The book, White Fragility, by DiAngelo (2018), explores this last idea in detail. The term “white fragility” refers to defensive reactions often exhibited by white people when topics of race or racism are broached, reactions which DiAngelo frequently encountered in her work as a diversity consultant. Examples include assertions of non-racism (e.g., “I don’t see color,” “I was raised to treat everyone the same,” etc.) or personal details (e.g., “I grew up poor”; “I have black family members”; “I marched in the 60’s,” etc.) presented as evidence that one is somehow exempt from the forces of race and racism in society. White fragility is also often expressed by counterclaims that whoever raised the issue of racism is the real racist. DiAngelo links white fragility to an understanding of racism as limited to derogatory beliefs about, or malicious actions towards, people of other racialized groups. Given this understanding, concerns about racism are likely to be interpreted as personal accusations, a reaction that forecloses discussion of how historical and current systemic racism shapes society and the experiences of everyone in it. According to DiAngelo, suppressing frank discussions of race and thereby helping to maintain the unequal racial status quo is the social function of white fragility.

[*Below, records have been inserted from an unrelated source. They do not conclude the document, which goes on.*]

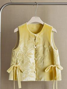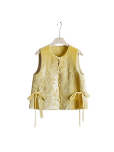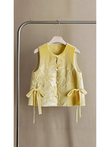 多巴胺穿搭新中式国风独特漂亮黄色提花丝绒马甲背心上衣女秋冬季
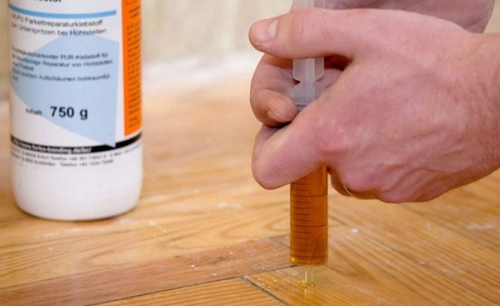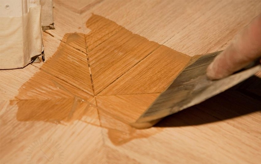 To restore the top layer of parquet flooring, you can also use a mixture of sawdust and epoxy glue. The procedure for work on the seal of defects is the same.After the restoration work, the wood panel is coated with varnish or special mastic.
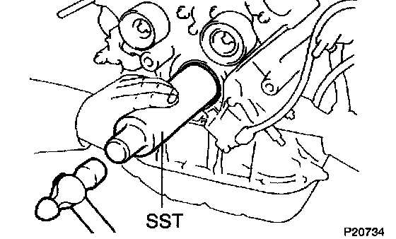 2. Using SST and a hammer, tap in a new oil seal until its surface is flush with the oil pump body edge.
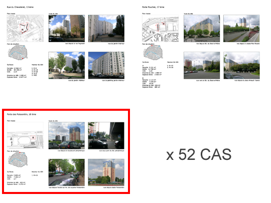 Pour chaque situation, une fiche bilan est établie (cadre rouge : secteur Poissonnier, cas d’étude) |
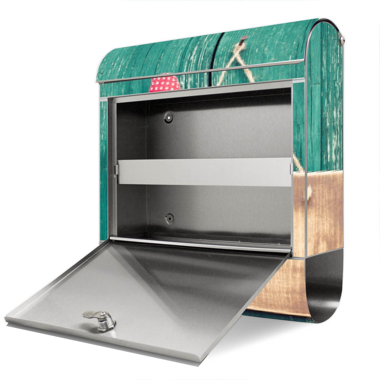 FUNKTION: Der banjado Edelstahl Briefkasten mit Motiv Motiv Tür mit Herz bietet Ihnen mit seinem Fassungsvermögen genügend Platz auch für große A4 Sendungen. Das integrierte Zeitungsfach eignet sich hervorragend um unkompliziert die Tageszeitung zu fassen. Auf Wunsch können Sie bei uns den passenden Ständer kaufen und so aus dem Wandbriefkasten einen Standbriefkasten machen. DESIGN: Der Motivbriefkasten hat ein sehr ansprechendes und ausgefallenes Design, damit entlocken Sie Ihren Nachbarn und dem Postboten ein Lächeln. Heben Sie Sich ab von der tristen grauen Masse ohne auf Funktionalität zu verzichten. DETAILS: Der Design Briefkasten mit Motiv Motiv Tür mit Herz besteht aus hochwertigem 18/0 Edelstahl. Das Motiv besteht aus einer wetter- und UV-resistenten Folie, die mit einem Schutzlaminat überzogen ist. Der Briefkasten wird mit Montagematerial und zwei Schlüsseln geliefert. NUTZEN: Sie können diesen Briefkasten sowohl als Wandbriefkasten montieren oder einen passenden Ständer auswählen und als Standbriefkasten einbetonieren. Die Größe bietet genügend Platz für Sendungen aller Art, das hochwertige Edelstahl ist rostfrei und die Motivfolie absolut wetterfest. SCHUTZ: Um Ihre Post optimal vor Witterungseinflüssen wie Starkregen zu schützen, empfehlen wir, den Briefkasten geschützt anzubringen. BANJADO: Ihr Briefkasten wird in Sachsen in einer kleinen Manufaktur von Hand veredelt. Die Motivfolie ist lösungsmittelfrei und schutzlaminiert, dies sorgt für einen langen Halt. Wir legen großen Wert auf die Verbindung von Funktionalität und Design. Sie erhalten Handarbeit aus Sachsen.
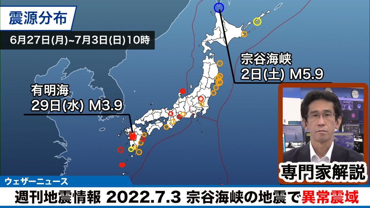この1週間で国内で観測された有感地震の回数は前週よりも少ない水準です。

DiAngelo’s discussion of white fragility, therefore, echoes points made above about ignorance and stresses faced by marginalized individuals who attempt to educate members of a majority group about their experiences of social inequality. Consider a concrete example of this phenomenon described in a report on anti-Indigenous discrimination within the health care system of the Canadian province British Columbia:

What we heard time and time again from Indigenous medical students is that they are not only having to educate their peers about the colonizing history of Canada – past and present – but they are also having to educate their preceptors and their teachers. What’s more is that not only are our preceptors ignorant of this history, they often directly disagree with it. This subjects us to quite traumatizing situations that force us to take time off of school. (Turpel-Lafond et al. 2020, p. 96)

This strikes us as a clear example of epistemic exploitation and the diverse person’s burden.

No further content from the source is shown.